Гребец сложил весла и кинулся помогать тяглецу и зуйку вынимать ярус. И тяглец и зуёк были уже мокры от дождя и брызг. Волна крутела. Ветер срывал верхушки волн и ошметками кидал в шняку.
— Андели христовых родителей, взводнище-то какой! В силу выботать. Земнородные, побезтужьтесь! — кричал Бодряной.
Ярус выбирали тяглец и весельщик и кидали в лодку, не снимая с крючьев рыбы. Зуёк выкачивал лотком из лодки воду.
— Бросать ярус надо! — крикнул кор-щику гребец, — гляди: волны идут парусами…
— Я те брошу, алырник! Не твой ярус-то, так покинуть в окияне!
Корщик замахнулся издали на покрученников, поискал вокруг себя батога иль полена, но ничем достать работников не мог и вместо них ударил кулаком по голове зуйка.
— Ах ты, адожной, о брюхе тольки и думаешь!

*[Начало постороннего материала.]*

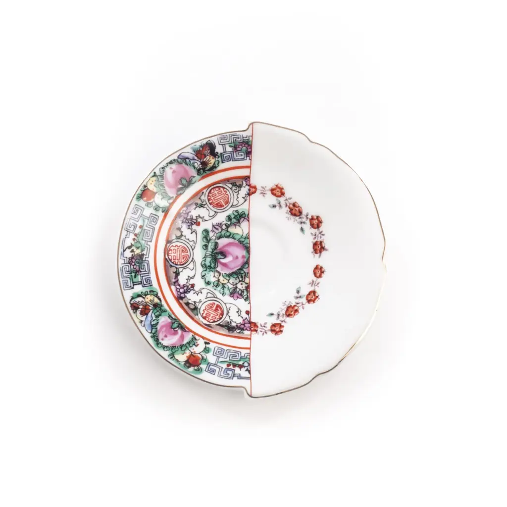 The Hybrid Tamara set includes two cups and two saucers. Italian to the bone, the set was designed by CtrlZak for Seletti and made of bone china, a material known for its strength, chip resistance, whiteness, and translucency. The floral patterns were refined by hand in blue and orange. Representing Eastern and Western traditions, the designs come together with a orange seam in the middle and differing heights of the cup, embracing contrast and giving tea time a taste of deconstructed, punk style. Stunning, functional, and recommended by Elle Magazine in their December 2012 gift guide, the set is heat- and dishwasher-safe, ready for the table.
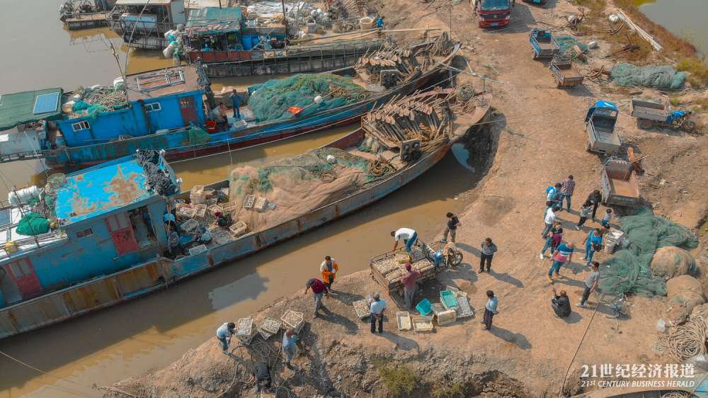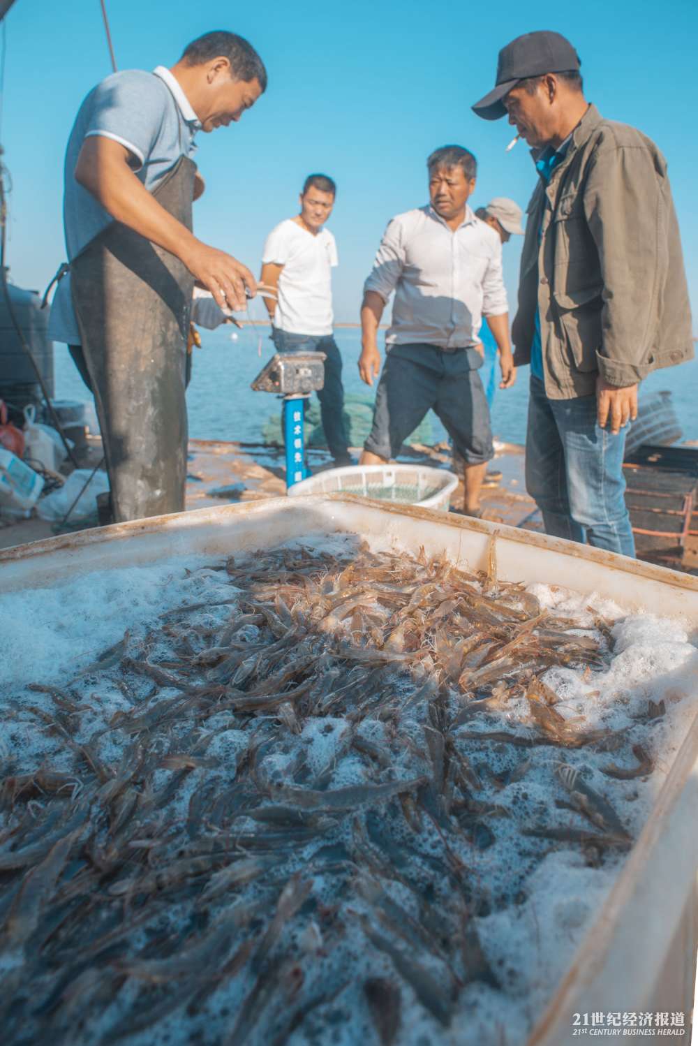 由于陈家港地区大型工业的迁入,许多的原住民已经放弃了靠海吃饭而走进了工厂,成为了产业工人。而仍有部分人则继续干着祖辈的行当。(图为养殖场工人们将打捞的虾运上岸)
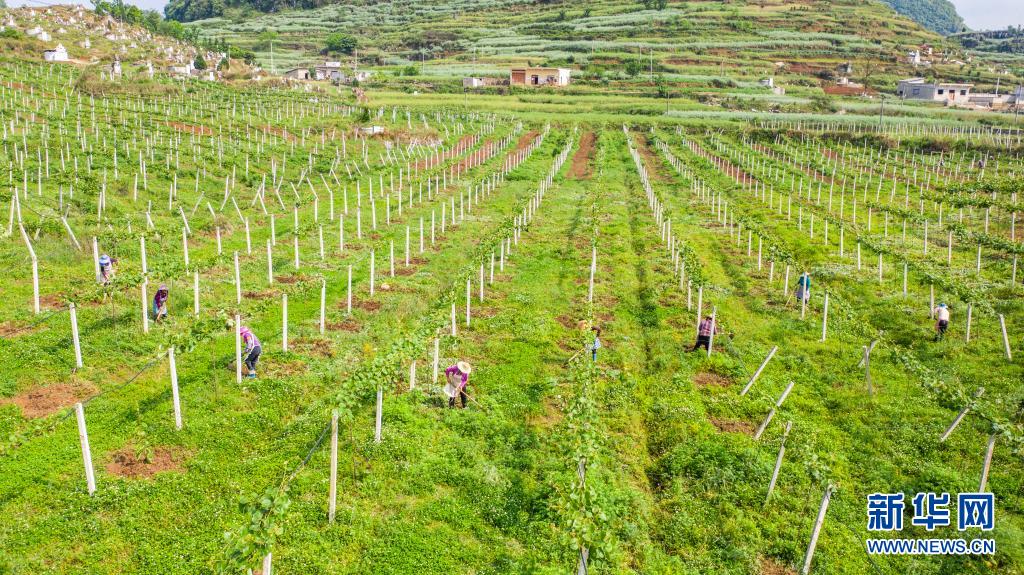 4月20日,貴州省六盤水市六枝特區(qū)木崗鎮(zhèn)農(nóng)民在田地里勞作(無人機(jī)照片)。
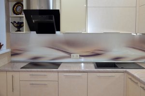 У Вас на стеклах геометрический рисунок. А на фартуке фото цветов. Это никак не компонуется. Оставьте стекла, а на фартук возьмите плитку, всеми здесь любимый кабанчик цвета топленого молока. Он еще хорошо подойдет и к геометрии фасадов.

Ярус-от не твой?!.
— Ты, поди, покланяйся сам, старый дьявол, — кричал тяглец, не переставая сгибаться и разгибаться враз с весельщиком, перехватывая снасть…
Кузьма плакал, упав на борт головой.
— Чего бырдашь! — закричал на него кортик. — В море слезы ронишь, — али вморе соли мало. Качай воду, окоем проклятой.
Кузьма стал опять выплескивать воду. Руки его закоченели, — рукавицы были полны водой.
Шняка прыгала с волны на вал Летели густые хлопья снегу, облипая судно…
— Гляди, конец ей, братцы… — обрадованно крикнул корщик покрученникам.
И будто бы по слову корщика оборвался шквал. Бухмарь уносилась к юго-востоку сначала седой, потом черной и на краю моря синей стеной. Блеснуло солнце. Открылась даль.
Тяглец с весельщиком вынули последний кубас и береговой якорь. Кормовая кладь шняки была полна под снегом, средь запутанных снастей рыбами — они еще били плесками.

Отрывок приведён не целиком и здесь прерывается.